Road in New South Wales, Australia

Waterfall Way is a 170 km country road in the Northern Tablelands region of New South Wales, Australia, linking Raleigh on the state's North Coast to Armidale. The route passes through some of New South Wales' most scenic countryside and has become well known as its best and Australia's third most beautiful tourist drive. Seven national parks, of which three are listed as World Heritage Areas by UNESCO and form part of the Gondwana Rainforests of Australia (formerly the Central Eastern Rainforest Reserves), are located on or close to the route. Dorrigo National Park encompasses the waterfalls that give the route its name.

In addition to being a tourist route, the Waterfall Way is also an important link between coastal and inland New South Wales (specifically the population centres of Armidale and Coffs Harbour), and is therefore heavily trafficked.

==Route==

Starting just beyond the interchange with Pacific Highway at Raleigh, midway between Urunga and Coffs Harbour, it follows the south bank of the Bellinger River, passing through Bellingen. After crossing the Bellinger River the road swings north and climbs the escarpment of the Great Dividing Range, skirting the southern edge of the Dorrigo world heritage rainforest and crossing the Newell and Sherrard waterfalls for which the route is named. Single lane traffic restrictions do not permit stopping at these falls, but the Newell Falls may be viewed at a rest area below the fall. At the top of the escarpment (elevation 750 m) a short detour south leads to Griffith's Lookout with views over the Bellinger River National Park and valley.

A short way further on is the turnoff to the visitor centre at the World Heritage Area, Dorrigo National Park, known for its skywalk and walking tracks. The pretty and readily accessible Dangar Falls are located 2.4 km north of the centre of Dorrigo on the Bielsdown River. Proceeding through the town of Dorrigo, the road continues through the pastoral upland of the Dorrigo Plateau before crossing the headwaters of the Nymboida River. The Bicentennial National Trail shares the route prior to reaching Ebor. About nine kilometres after turning left onto the Armidale Grafton road Ebor is passed. This village is close to the Guy Fawkes River National Park and Ebor Falls.

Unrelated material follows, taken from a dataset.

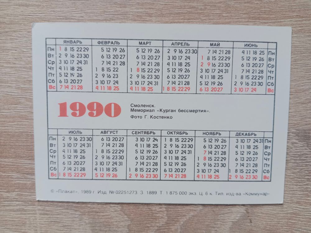 Календарик 1990
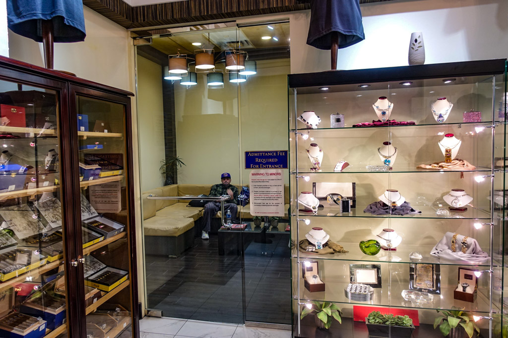 Вход сюда открыт только лицам старше 21 года. Разумеется, это не бесплатно (это же не Япония, где такие места спонсируют производители сигарет!) Для того, чтобы покурить в крохотной комнатушке, сидя на потёртом диванчике из псевдо-кожи, надо заплатить "членский взнос" - $6.00. Зато это покупает тебе право курить тут хоть весь день. Конечно, весь день мало кто использует, потому что надо улетать.

Between Ebor and Wollomombi the route passes through the 8839 ha Cathedral Rock National Park. The National Heritage listed Yooroonah Tank Barrier is approximately 12 km southwest of Ebor and near the route. After leaving Ebor the road passes an intersection, from where the Dutton Trout Hatchery, and Point Lookout are accessed about 10 km east of Waterfall Way in the New England National Park. Further on, the Wollomombi Falls are about 1 km south of the Waterfall Way. The 145000 ha World Heritage listed Oxley Wild Rivers National Park is readily accessible from the Wollomombi Falls. From here the road passes 5 km north of the historical mining village of Hillgrove and the viewing platforms at Bakers Creek Falls and the Metz Gorge. There are also other more remote, interesting sites to visit on this Way to Armidale. The Gara Gorge is 18 km south-east of Armidale along the Castledoyle Road leading off the Waterfall Way just east of Armidale.

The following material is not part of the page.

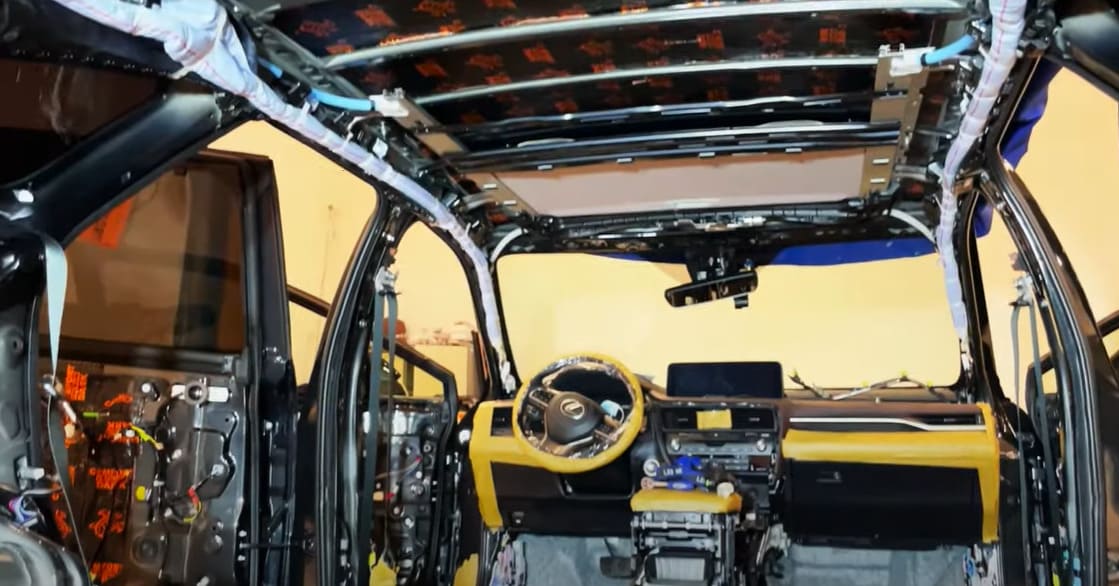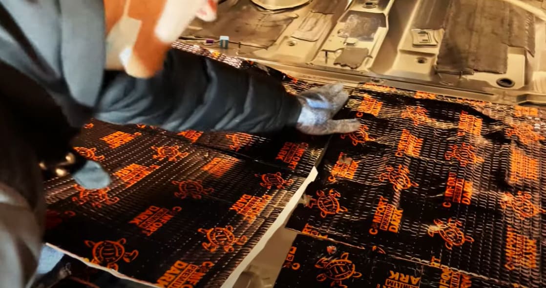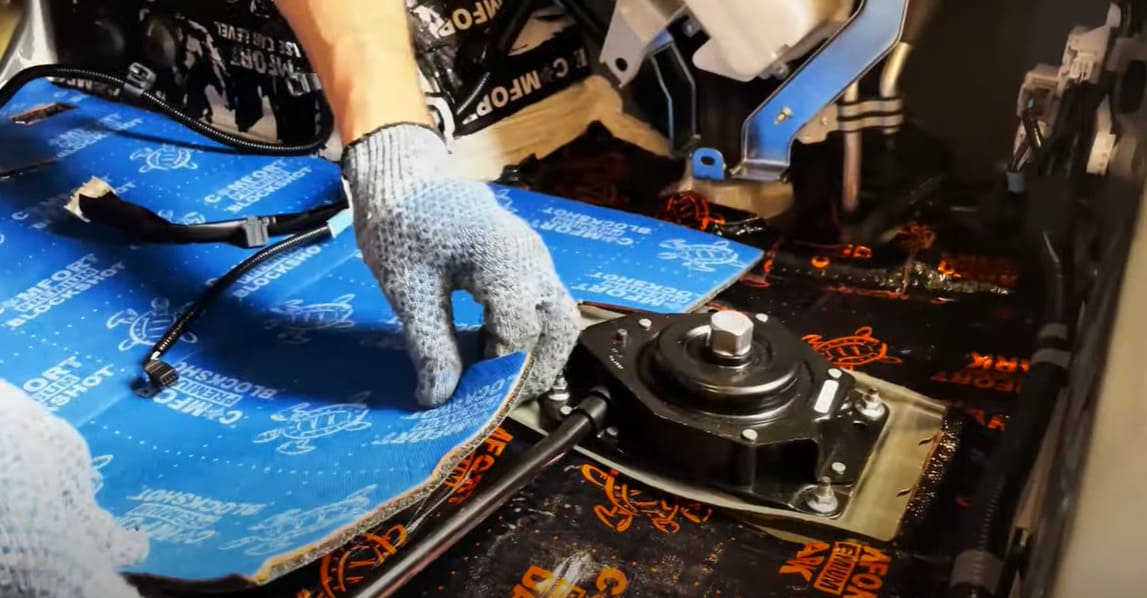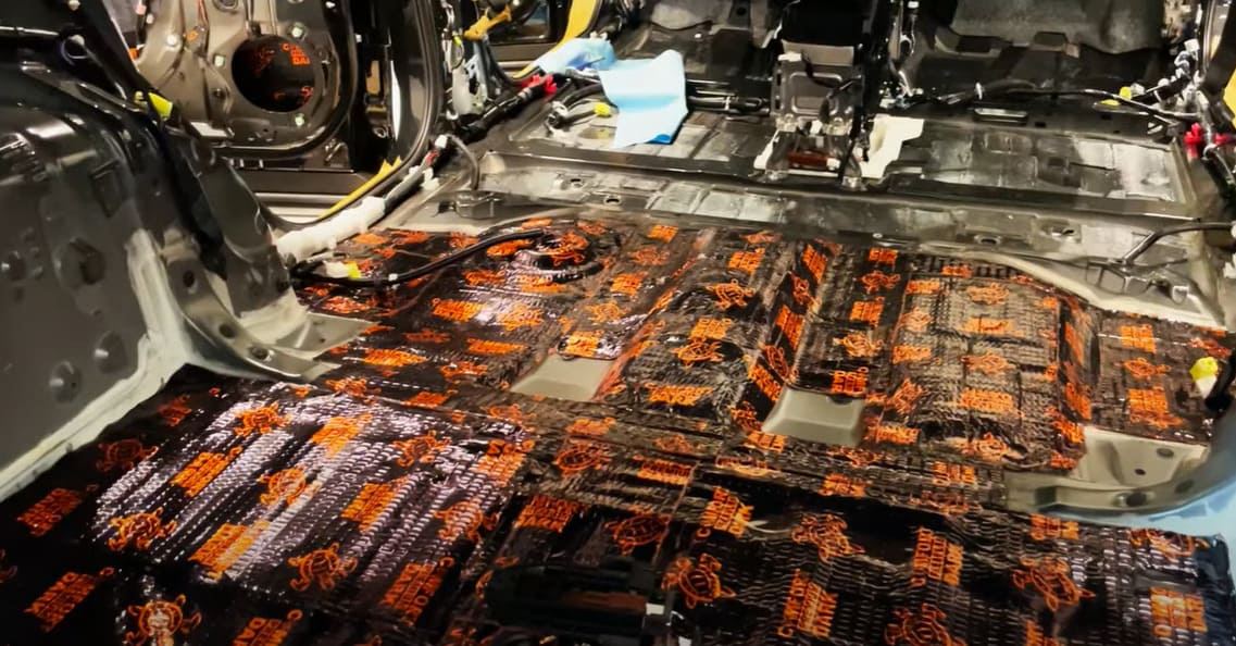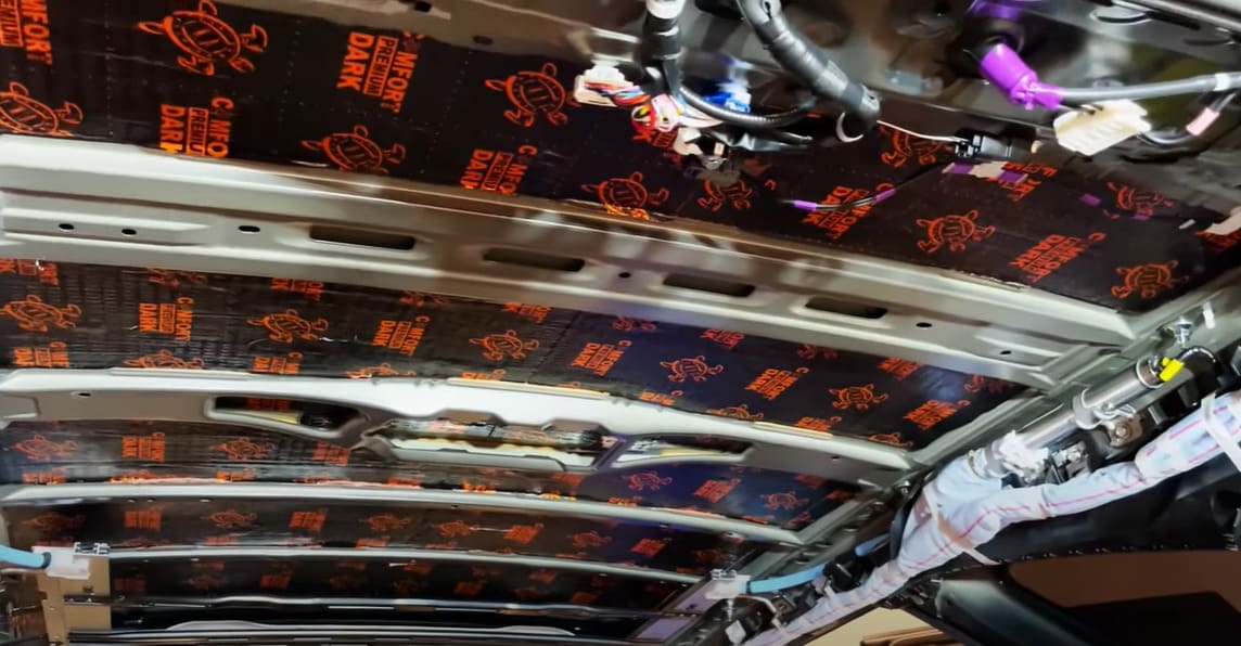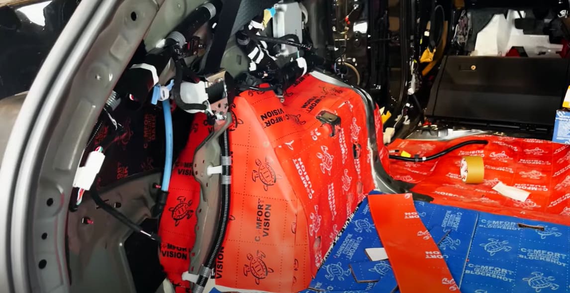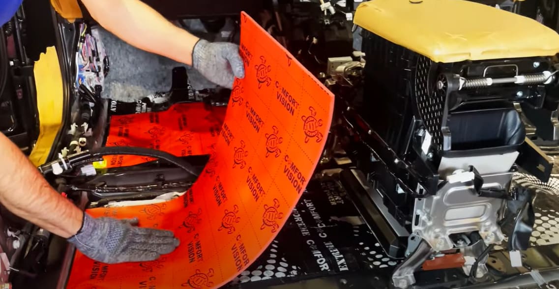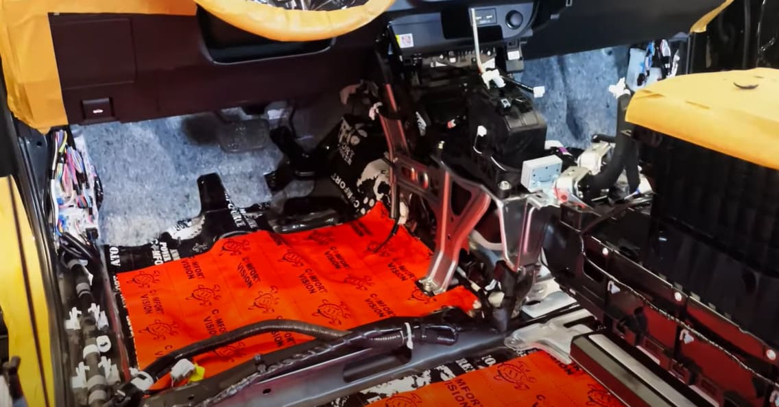 Следующий вид работ, направленный на повышение комфорта пассажиров и водителя – полная шумоизоляция. Для этого салон машины был полностью разобран с демонтажем сидений, дверных карт, обивки потолка и всех пластиковых элементов. Мы тщательно подходим к выполнению своей работы, а поэтому получаем доступ ко всем технологическим полостям, поверхность которых будет покрыта слоем шумоизолирующих материалов. Каждый из трех слоев тщательно прикатывается к основе, за счет чего обеспечивается тишина в салоне при любых скоростях движения.

The road is sealed but relatively narrow and has a steep 14 km winding section. In recent years storms and associated flash flooding have washed away sections of the roadway where it rises to the ranges, leading to traffic being limited to one lane at the waterfalls on the Dorrigo Range.

==History==
The passing of the Main Roads Act of 1924 through the Parliament of New South Wales provided for the declaration of Main Roads, roads partially funded by the State government through the Main Roads Board (later the Department of Main Roads, and eventually Transport for NSW). Main Road No. 119 was declared from the intersection with North Coast Highway, today Giinagay Way, at Raleigh via Bellingen to Dorrigo (and continuing northwards to Tyringham), Main Road No. 120 was declared from Dorrigo to Jock's Water south of Hernani (and continuing eastwards to Coramba), and Main Road No. 121 was declared from Jock's Water via Wollomombi to Armidale (and continuing northwards via Tyringham and Nymboida to the intersection with North Coast Highway, today Big River Way, at South Grafton) on the same day, 8 August 1928.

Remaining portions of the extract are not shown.